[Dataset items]

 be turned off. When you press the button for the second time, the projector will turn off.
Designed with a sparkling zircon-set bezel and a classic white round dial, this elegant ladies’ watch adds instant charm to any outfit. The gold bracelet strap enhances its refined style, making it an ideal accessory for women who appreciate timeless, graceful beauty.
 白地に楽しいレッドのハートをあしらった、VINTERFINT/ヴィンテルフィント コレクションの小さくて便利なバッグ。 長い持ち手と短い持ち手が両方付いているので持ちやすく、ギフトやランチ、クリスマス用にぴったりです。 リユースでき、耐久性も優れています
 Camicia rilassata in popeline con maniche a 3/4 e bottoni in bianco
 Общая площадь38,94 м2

...

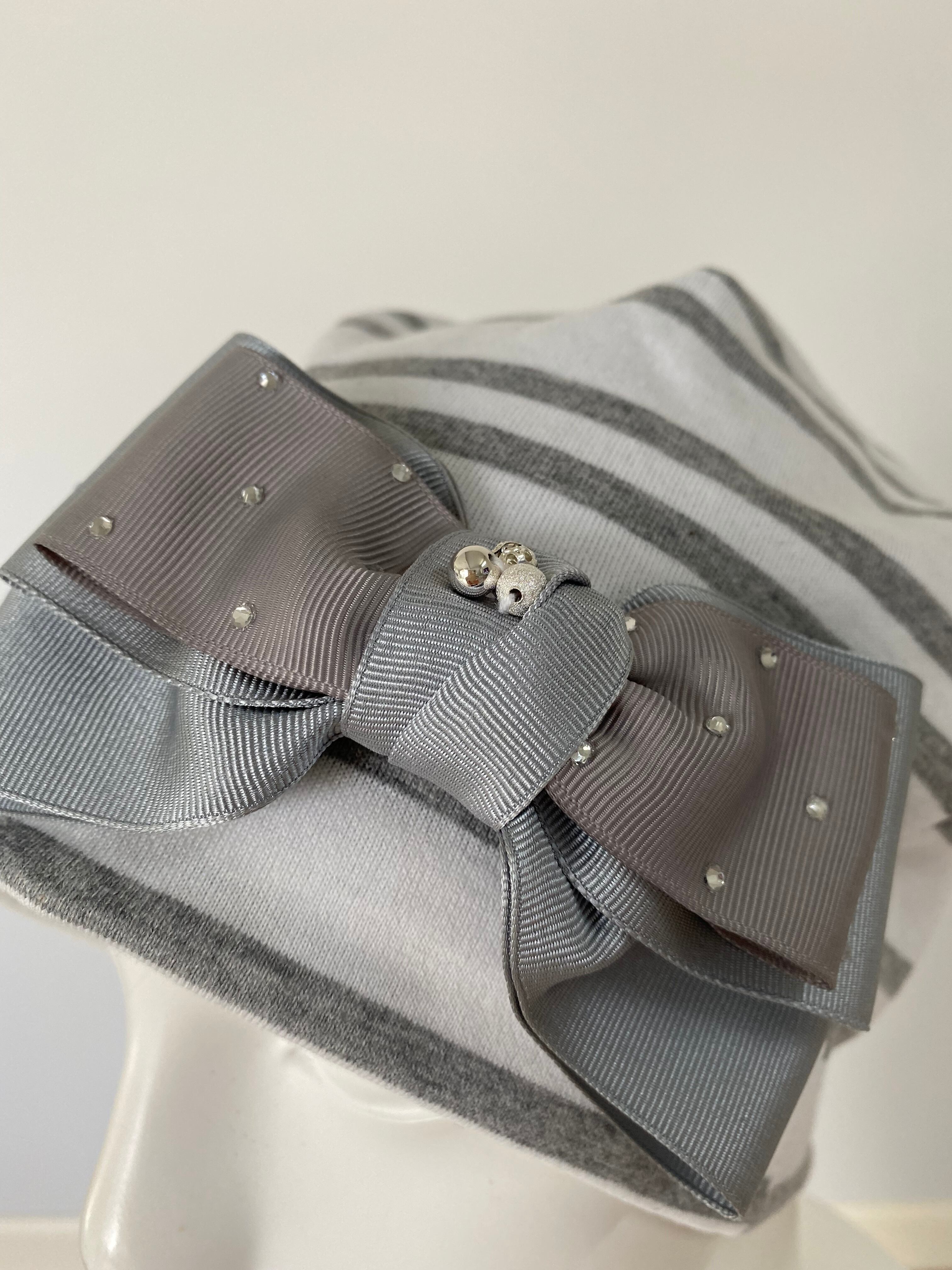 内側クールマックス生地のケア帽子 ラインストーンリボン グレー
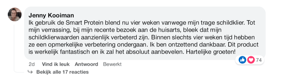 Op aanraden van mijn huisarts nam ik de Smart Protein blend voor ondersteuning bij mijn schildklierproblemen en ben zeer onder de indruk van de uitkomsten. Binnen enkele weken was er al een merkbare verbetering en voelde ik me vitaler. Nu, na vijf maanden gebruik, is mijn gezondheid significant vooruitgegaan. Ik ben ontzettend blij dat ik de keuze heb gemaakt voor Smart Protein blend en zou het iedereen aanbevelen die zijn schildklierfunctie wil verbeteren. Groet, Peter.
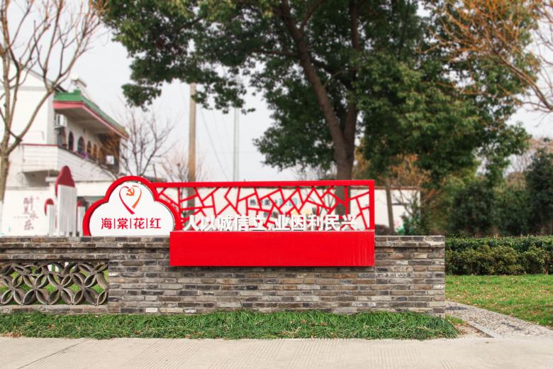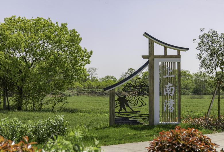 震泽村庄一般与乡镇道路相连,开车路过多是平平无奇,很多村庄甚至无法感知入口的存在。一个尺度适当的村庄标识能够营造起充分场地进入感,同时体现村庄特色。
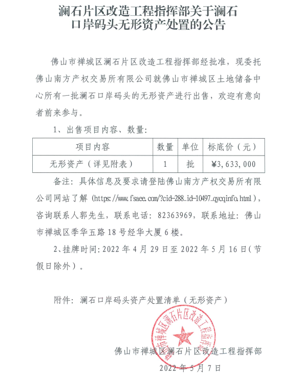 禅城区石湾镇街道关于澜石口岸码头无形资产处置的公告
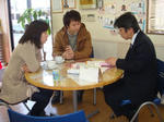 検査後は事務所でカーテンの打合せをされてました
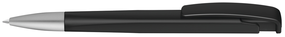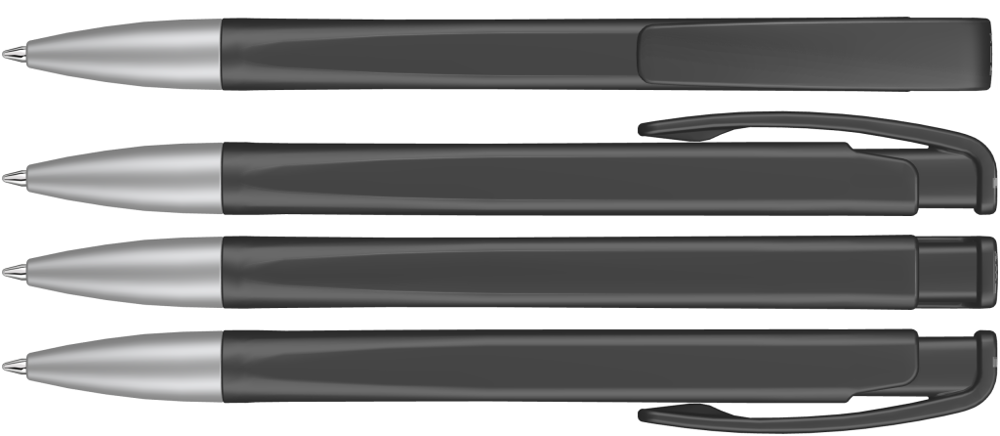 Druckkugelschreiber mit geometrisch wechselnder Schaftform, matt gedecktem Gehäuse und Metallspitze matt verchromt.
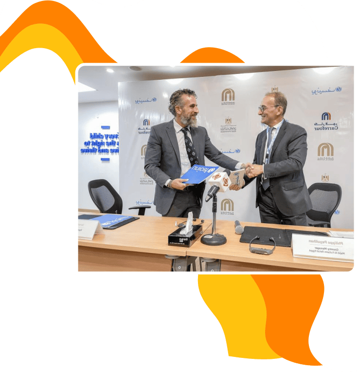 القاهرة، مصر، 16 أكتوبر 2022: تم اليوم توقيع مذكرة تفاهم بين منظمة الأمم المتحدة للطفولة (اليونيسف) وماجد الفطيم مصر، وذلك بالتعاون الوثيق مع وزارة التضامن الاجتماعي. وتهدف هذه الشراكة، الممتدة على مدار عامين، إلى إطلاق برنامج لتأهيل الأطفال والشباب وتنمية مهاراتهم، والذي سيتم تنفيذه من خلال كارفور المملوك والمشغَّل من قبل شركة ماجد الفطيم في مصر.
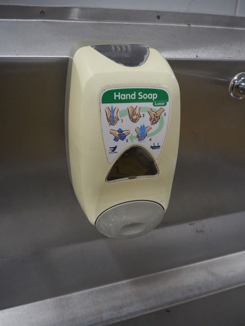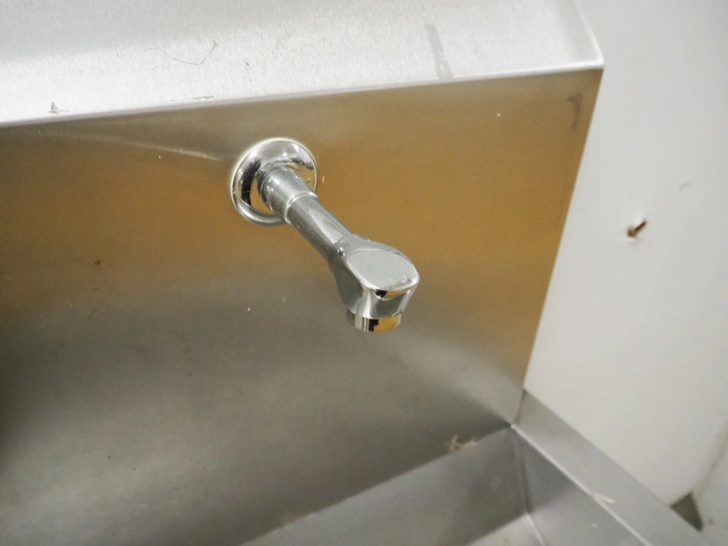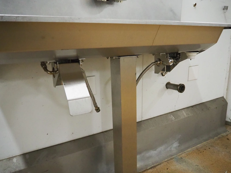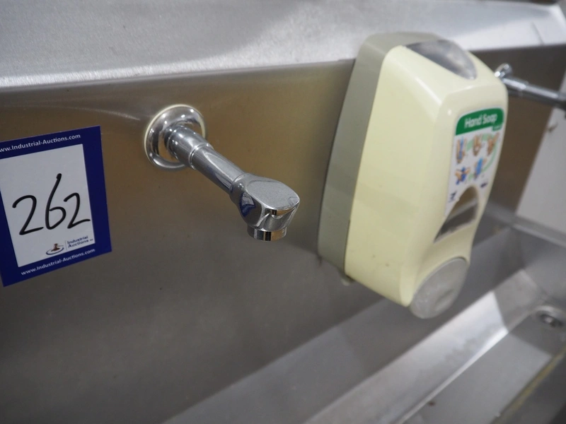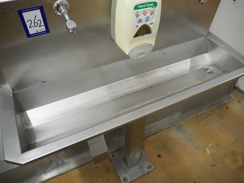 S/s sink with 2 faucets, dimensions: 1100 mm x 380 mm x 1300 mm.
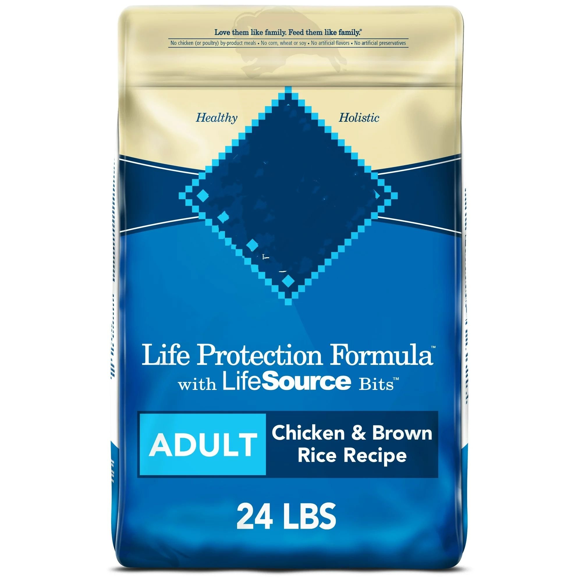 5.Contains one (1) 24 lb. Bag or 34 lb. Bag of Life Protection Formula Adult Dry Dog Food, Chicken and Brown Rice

Work item | Look above for the line holding "be turned off.", then set down exactly that line and every line after it up to and including the line holding "Общая площадь38,94 м2", with nothing else.

Finished task |
 be turned off. When you press the button for the second time, the projector will turn off.
Designed with a sparkling zircon-set bezel and a classic white round dial, this elegant ladies’ watch adds instant charm to any outfit. The gold bracelet strap enhances its refined style, making it an ideal accessory for women who appreciate timeless, graceful beauty.
 白地に楽しいレッドのハートをあしらった、VINTERFINT/ヴィンテルフィント コレクションの小さくて便利なバッグ。 長い持ち手と短い持ち手が両方付いているので持ちやすく、ギフトやランチ、クリスマス用にぴったりです。 リユースでき、耐久性も優れています
 Camicia rilassata in popeline con maniche a 3/4 e bottoni in bianco
 Общая площадь38,94 м2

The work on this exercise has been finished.